__ACTIVITY__. Extract the opening line of the entries and every line after it, stopping at and including the line that contains "Modelka měří 177". Do not include pictures.

__RECORDS SHOWN__.
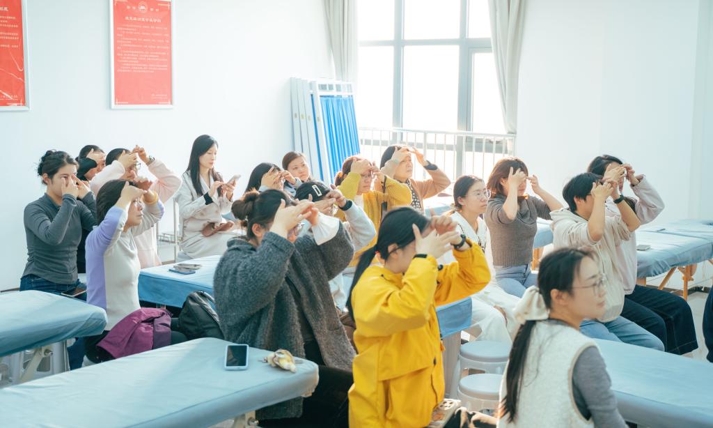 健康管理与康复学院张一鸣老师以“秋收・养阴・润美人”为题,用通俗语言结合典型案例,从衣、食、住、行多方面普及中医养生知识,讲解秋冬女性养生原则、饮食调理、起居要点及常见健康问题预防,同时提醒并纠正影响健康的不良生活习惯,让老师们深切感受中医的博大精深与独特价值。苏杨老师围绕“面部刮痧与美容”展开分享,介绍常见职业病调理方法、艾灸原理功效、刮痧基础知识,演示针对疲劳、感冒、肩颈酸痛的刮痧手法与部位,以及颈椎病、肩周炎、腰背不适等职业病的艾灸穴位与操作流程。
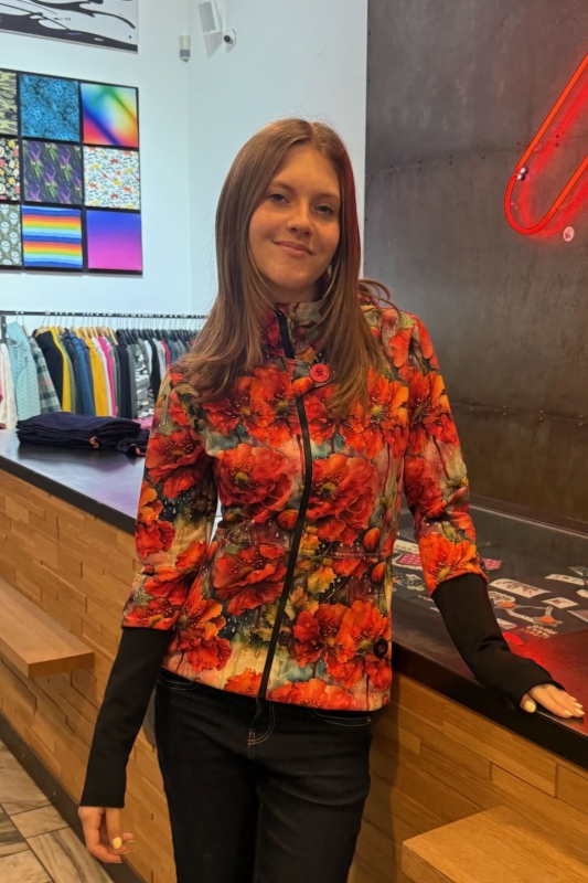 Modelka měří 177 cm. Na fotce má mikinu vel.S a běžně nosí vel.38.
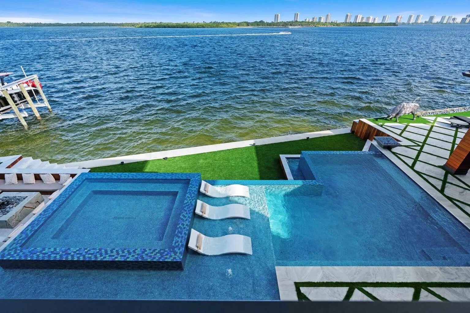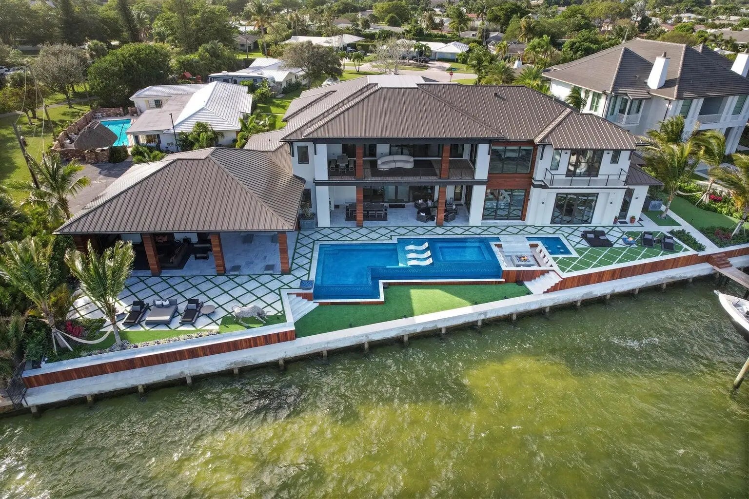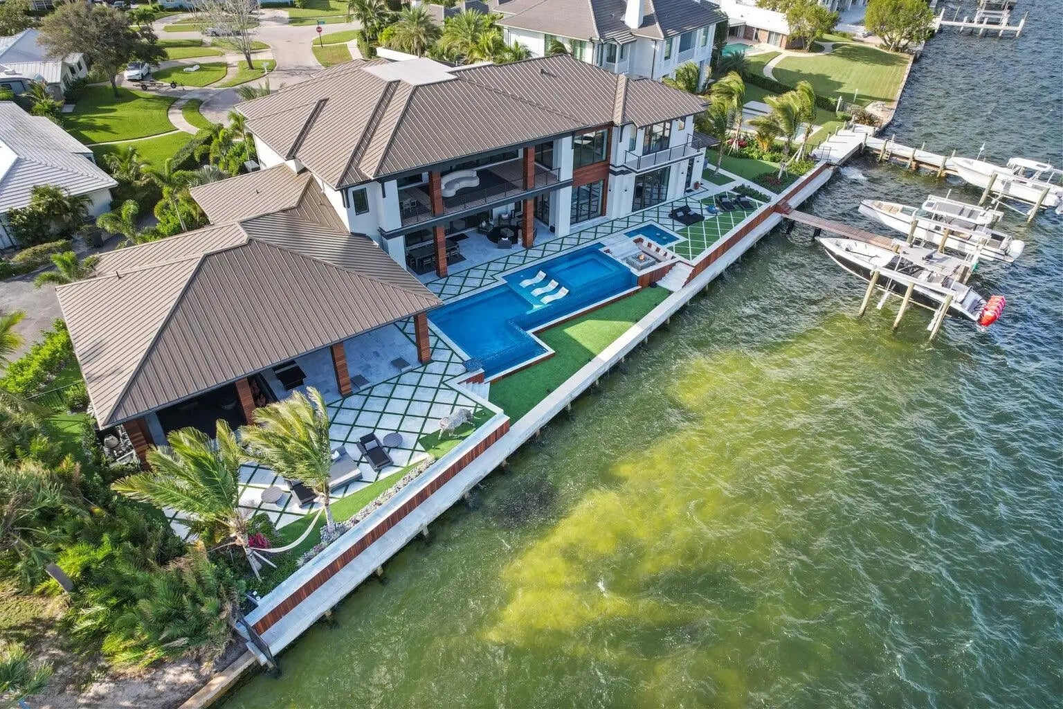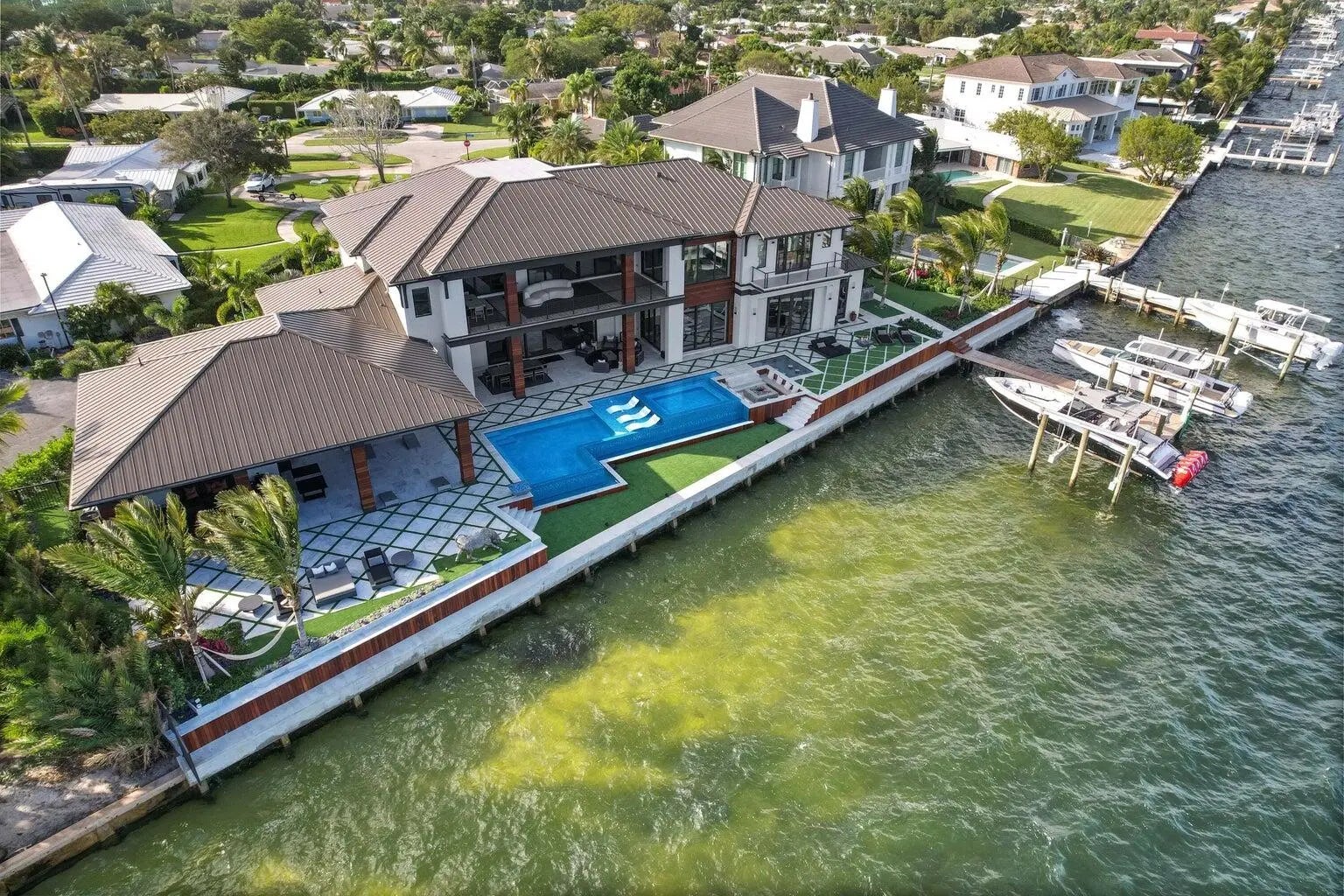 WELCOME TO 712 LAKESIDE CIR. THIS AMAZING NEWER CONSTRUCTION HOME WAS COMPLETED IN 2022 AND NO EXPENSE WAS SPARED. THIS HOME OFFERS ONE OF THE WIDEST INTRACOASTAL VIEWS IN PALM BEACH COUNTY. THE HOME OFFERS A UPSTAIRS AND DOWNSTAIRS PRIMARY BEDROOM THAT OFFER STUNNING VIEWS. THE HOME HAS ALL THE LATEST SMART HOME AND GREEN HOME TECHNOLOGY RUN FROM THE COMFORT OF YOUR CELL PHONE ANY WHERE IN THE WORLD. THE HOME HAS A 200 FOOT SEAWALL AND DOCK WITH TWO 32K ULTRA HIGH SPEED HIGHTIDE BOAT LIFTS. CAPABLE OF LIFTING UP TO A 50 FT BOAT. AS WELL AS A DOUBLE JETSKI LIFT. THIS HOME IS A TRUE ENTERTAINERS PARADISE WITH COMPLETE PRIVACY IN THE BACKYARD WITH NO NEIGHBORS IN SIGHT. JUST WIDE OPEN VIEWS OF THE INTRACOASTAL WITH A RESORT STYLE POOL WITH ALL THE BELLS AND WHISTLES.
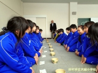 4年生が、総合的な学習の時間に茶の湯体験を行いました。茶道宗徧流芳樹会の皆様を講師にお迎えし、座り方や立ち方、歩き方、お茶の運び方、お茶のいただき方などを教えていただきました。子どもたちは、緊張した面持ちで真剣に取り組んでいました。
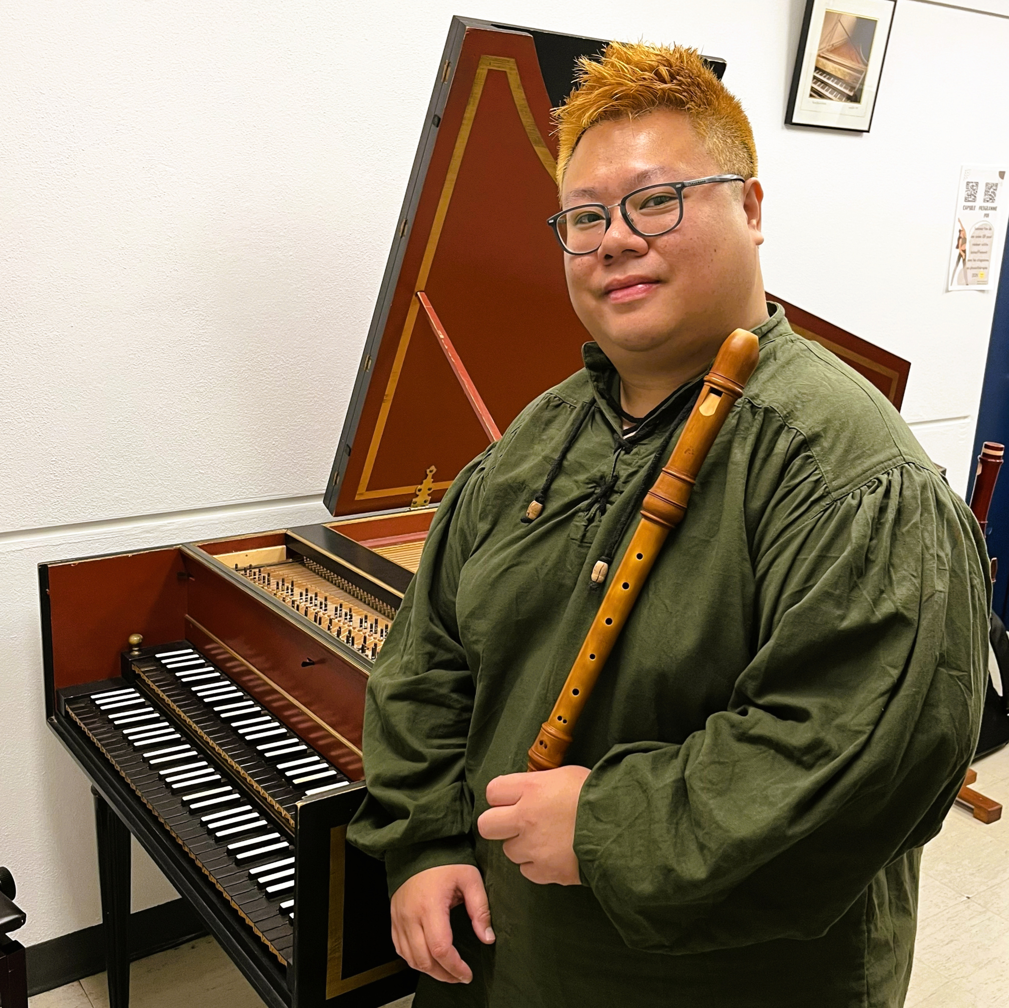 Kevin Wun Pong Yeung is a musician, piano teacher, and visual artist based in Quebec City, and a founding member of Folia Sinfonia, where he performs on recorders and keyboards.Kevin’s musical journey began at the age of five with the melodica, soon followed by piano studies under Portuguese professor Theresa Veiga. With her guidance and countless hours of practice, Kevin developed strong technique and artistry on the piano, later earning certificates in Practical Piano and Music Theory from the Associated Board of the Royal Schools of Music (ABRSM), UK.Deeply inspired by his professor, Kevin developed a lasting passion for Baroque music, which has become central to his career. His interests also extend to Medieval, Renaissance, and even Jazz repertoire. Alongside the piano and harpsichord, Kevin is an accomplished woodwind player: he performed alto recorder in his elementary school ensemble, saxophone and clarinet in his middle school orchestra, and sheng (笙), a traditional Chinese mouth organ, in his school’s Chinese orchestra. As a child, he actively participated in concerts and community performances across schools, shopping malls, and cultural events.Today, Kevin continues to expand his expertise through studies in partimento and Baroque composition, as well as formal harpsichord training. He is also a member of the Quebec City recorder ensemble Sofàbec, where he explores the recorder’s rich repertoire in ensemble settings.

__SOLUTION FOR THIS TASK__.
 健康管理与康复学院张一鸣老师以“秋收・养阴・润美人”为题,用通俗语言结合典型案例,从衣、食、住、行多方面普及中医养生知识,讲解秋冬女性养生原则、饮食调理、起居要点及常见健康问题预防,同时提醒并纠正影响健康的不良生活习惯,让老师们深切感受中医的博大精深与独特价值。苏杨老师围绕“面部刮痧与美容”展开分享,介绍常见职业病调理方法、艾灸原理功效、刮痧基础知识,演示针对疲劳、感冒、肩颈酸痛的刮痧手法与部位,以及颈椎病、肩周炎、腰背不适等职业病的艾灸穴位与操作流程。
 Modelka měří 177 cm. Na fotce má mikinu vel.S a běžně nosí vel.38.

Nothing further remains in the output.